In almost all of the analysis work that I've ever done I use:
set.seed(42)
It's an homage to Hitchhiker's Guide to the Galaxy. But I'm wondering if I'm creating bias by using the same seed over and over.
In almost all of the analysis work that I've ever done I use:
set.seed(42)
It's an homage to Hitchhiker's Guide to the Galaxy. But I'm wondering if I'm creating bias by using the same seed over and over.
There is no bias if the RNG is any good. By always using the same seed you are, however, creating a strong interdependence among all the simulations you perform in your career. This creates an unusual kind of risk.
By using the same seed each time, either you are always getting a pretty nice pseudorandom sequence and all your work goes well or--with very low but non-zero probability--you are always using a pretty bad sequence and your simulations are not as representative of the underlying distributions as you think they might be. Either all your work is pretty good or all of it is pretty lousy!
Contrast this with using truly random starting seeds each time. Once in a very long while you might obtain a sequence of random values that is not representative of the distribution you are modeling, but most of the time you would be just fine. If you never attempted to reproduce your own work (with a new seed), then once or twice in your career you might get misleading results, but the vast majority of the time you will be ok.
There is a simple and obvious cure: Always, always check your work by restarting with another seed. It's virtually impossible that two seeds accidentally will give misleading results in the same way.
On the other hand, there is extraordinary merit in having a well-known "personal seed": it shows the world you are being honest. A sly, subtle way to lie with simulations is to repeat them until they give you a predetermined outcome. Here's a working R
example to "demonstrate" that even a fair coin is highly likely to land heads more than half the time:
n.flips <- 100
seeds <- 1:10^3
#
# Run some preliminary simulations.
#
results <- sapply(seeds, function(seed) {
set.seed(seed)
mean(runif(n.flips) > 1/2)
})
#
# Now do the "real" simulation.
#
seed <- seeds[which.max(results)]
set.seed(seed)
x <- mean(runif(n.flips) > 1/2)
z <- (x - 1/2) * 2 * sqrt(n)
cat("Mean:", x, "Z:", z, "p-value:", pnorm(z, lower.tail=FALSE), "\n")
By looking at a wider range of seeds (from $1$ through $10^6$), I was able to find a congenial one: 218134. When you start with this as the seed, the resulting $100$ simulated coin flips exhibit $75$ heads!
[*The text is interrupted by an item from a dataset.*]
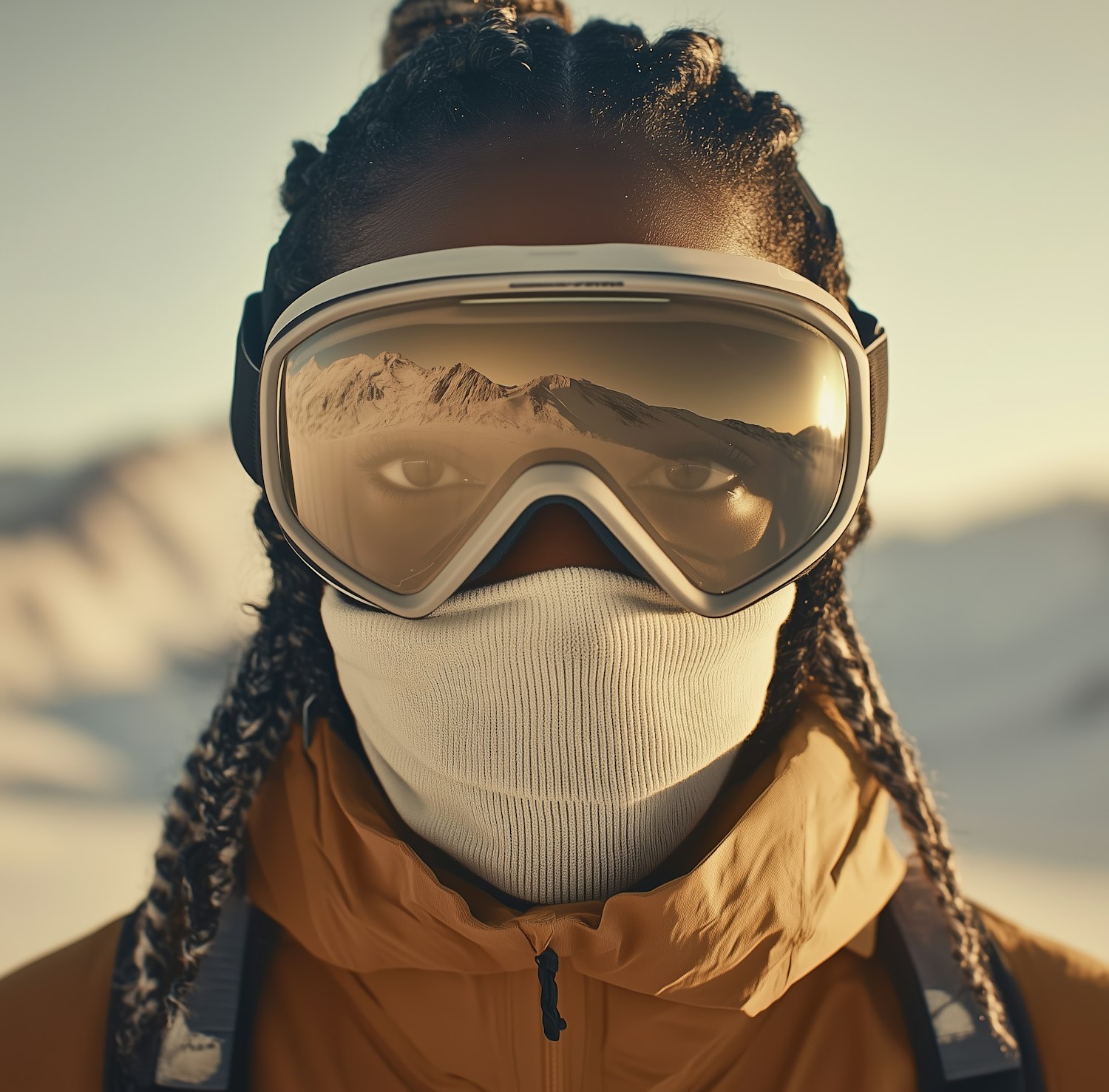 A person in ski gear with reflective goggles showing a mountain view, set against a snowy backdrop during golden hour.

That is significantly different from the expected value of $50$ ($p=0.000004$).
The implications can be fascinating and important. For instance, if I knew in advance whom I would be recruiting into a randomized double-blind controlled trial, and in what order (which I might be able to control as a university professor testing a group of captive undergraduates or lab rats), then beforehand I could run such a set of simulations to find a seed that groups the students more to my liking to favor whatever I was hoping to "prove." I could include the planned order and that seed in my experimental plan before conducting the experiment, thereby creating a procedure that no critical reviewer could ever impeach--but nevertheless stacking the deck in my favor. (I believe there are entire branches of pseudoscience that use some variant of this trick to gain credibility. Would you believe I actually used ESP to control the computer? I can do it at a distance with yours, too!)
Somebody whose default seed is known cannot play this game.
My personal seed is 17, as a large proportion of my posts attest (currently 155 out of 161 posts that set a seed use this one). In R
it is a difficult seed to work with, because (as it turns out) most small datasets I create with it have a strong outlier. That's not a bad characteristic ... .
As stated above, a good RNG will not generate bias under from using the same seed. However, there will be a correlation among the results. (The same pseudo-random number will start each computation.) Whether this matters isn't a matter of mathematics.
Using the same seed is OK at times: for debugging or when you know you want correlated results.